→ HOW TO COMPLETE THIS TASK:
Below are entries to reproduce exactly, apart from their pictures.

→ Source records:
§ §
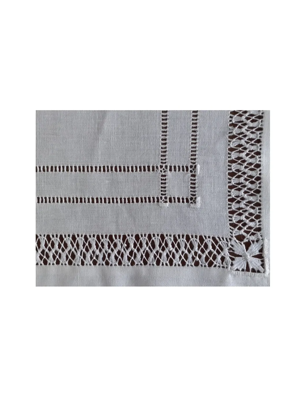 Bainha de 3 linhas completa a toda a volta e ponto ajour no centro.
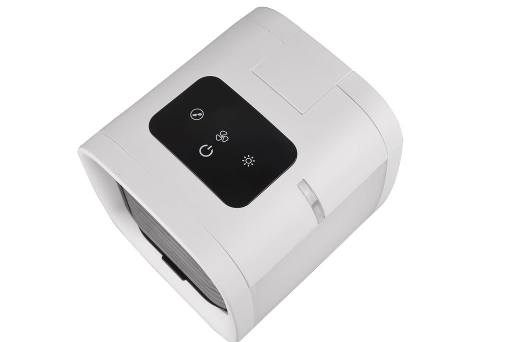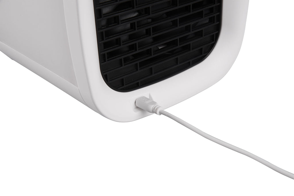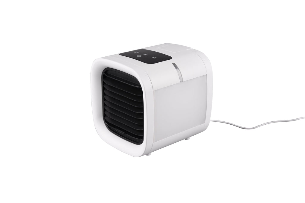 Icecube Ventilateur De Table Cube Blanc Rechargeable Usb Écran Tactile Rgb Effet Coloré Avec Réservoir D'eau Pour Effet Nébuliseur H.17,5Cm
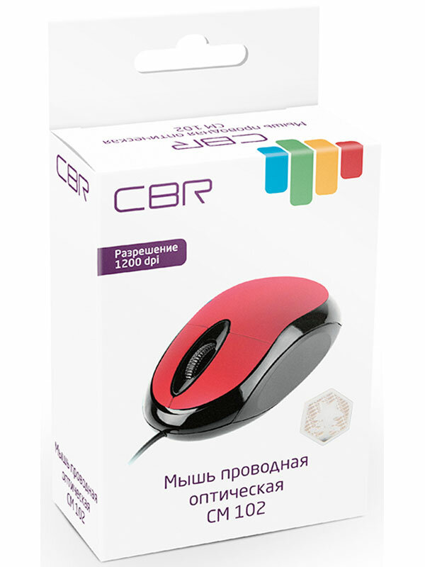 CBR CM-102 Red оптика, 1200dpi, офисн., провод 1,3м, USB
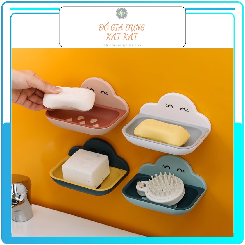 Khay đựng xà bông cao cấp hình đám mây dễ thương, Kệ đựng xà phòng 2 lớp dán tường siêu chắc chắn ĐỒ GIA DỤNG KAI KAI
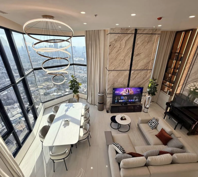 สัมผัสการอยู่อาศัยระดับสูงสุดกับเพนท์เฮาส์ 3 ห้องนอนบนชั้น 42 ที่โดดเด่นด้วยพื้นที่ Duo Space เพดานสูงถึง 4.2 เมตร พร้อมวิวเมืองและย่านสามย่านแบบพาโนรามา
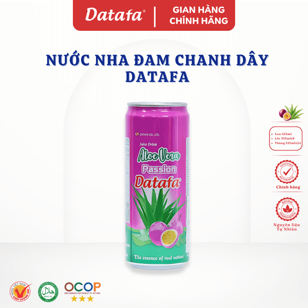 Nước Giải Khát Nha Đam Chanh Dây DATAFA 325ml - Lon Tiện Lợi, Giải Nhiệt Sảng Khoái (Lốc 6 lon, Thùng 24 Lon)
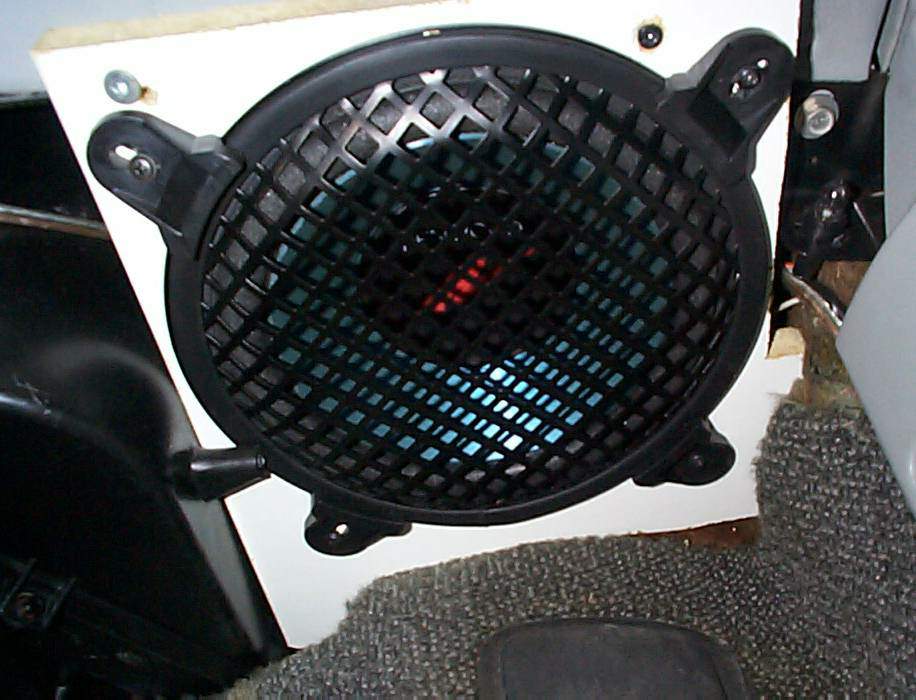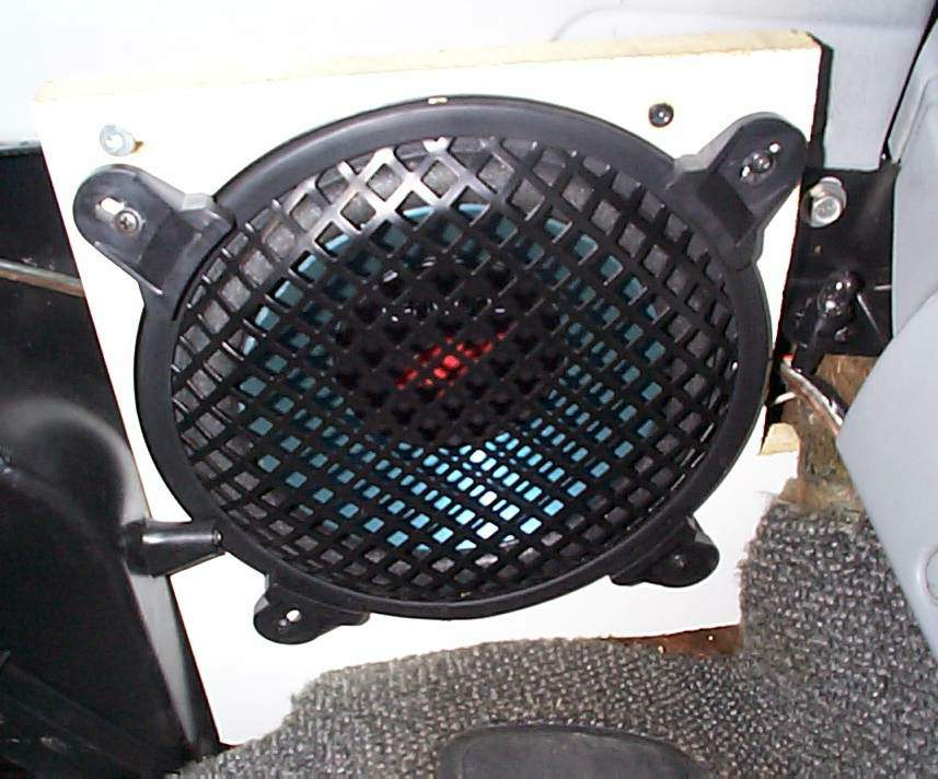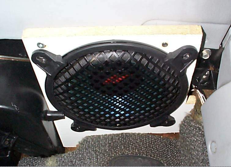 Yep, got it in under the passenger side dashboard, where they put the original subwoofer. What ya have to do, is make a template out of carboard first that fits, into the space between the side at the front where the light is and the heater box. This cardboard template should extend all the way back to what would be considered a 'firewall' if the motor was in the front. Once the template is made, you can take your choice of 1/2" or 3/8" thick acrylic or wood to made the speaker holder.
§ §
→ EXPECTED ANSWER:
 Bainha de 3 linhas completa a toda a volta e ponto ajour no centro.
 Icecube Ventilateur De Table Cube Blanc Rechargeable Usb Écran Tactile Rgb Effet Coloré Avec Réservoir D'eau Pour Effet Nébuliseur H.17,5Cm
 CBR CM-102 Red оптика, 1200dpi, офисн., провод 1,3м, USB
 Khay đựng xà bông cao cấp hình đám mây dễ thương, Kệ đựng xà phòng 2 lớp dán tường siêu chắc chắn ĐỒ GIA DỤNG KAI KAI
 สัมผัสการอยู่อาศัยระดับสูงสุดกับเพนท์เฮาส์ 3 ห้องนอนบนชั้น 42 ที่โดดเด่นด้วยพื้นที่ Duo Space เพดานสูงถึง 4.2 เมตร พร้อมวิวเมืองและย่านสามย่านแบบพาโนรามา
 Nước Giải Khát Nha Đam Chanh Dây DATAFA 325ml - Lon Tiện Lợi, Giải Nhiệt Sảng Khoái (Lốc 6 lon, Thùng 24 Lon)
 Yep, got it in under the passenger side dashboard, where they put the original subwoofer. What ya have to do, is make a template out of carboard first that fits, into the space between the side at the front where the light is and the heater box. This cardboard template should extend all the way back to what would be considered a 'firewall' if the motor was in the front. Once the template is made, you can take your choice of 1/2" or 3/8" thick acrylic or wood to made the speaker holder.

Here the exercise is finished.